The Tanforan Assembly Center Memorial Committee (TACMC) has raised funds and begun construction of the Tanforan Memorial at the San Bruno BART station. TACMC was formed in March 2012 to commemorate the 70th anniversary of the Tanforan Assembly Center by staging an exhibition of photographs by Dorothea Lange and Paul Kitagaki Jr. covering the Internment of Japanese Americans following the issuance of Executive Order 9066. The Tanforan Assembly Center was named after the racetrack where more than 8,000 Japanese-Americans, primarily from the San Francisco Bay Area, were temporarily detained before being sent to more permanent War Relocation Centers; the station now stands where the racetrack was.
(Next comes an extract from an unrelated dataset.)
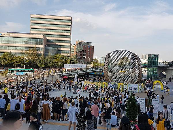掃興的是保全還是工作人員之類的,一直叫我們不要坐在階梯上,一直趕人,大概也是時間快到了,催我們進場吧

When complete, the new memorial will include a bronze statue depicting Hiroko and Miyuki Mochida of Hayward, inspired by one of Lange's photographs from 1942. A groundbreaking ceremony for the new memorial was held on February 11, 2022. Within the station, photographs from Lange and Kitagaki will remain on permanent display.

San Bruno is one of ten stations, five of them on the Yellow Line, that BART foresees closing as early as January 2027 if a sales tax measure to bail out Bay Area transit agencies fails to pass in November 2026.

== Bus connections ==
SamTrans bus routes 140, 141, 398, and ECR stop at bus bays on the ground level of the parking garage north of the station.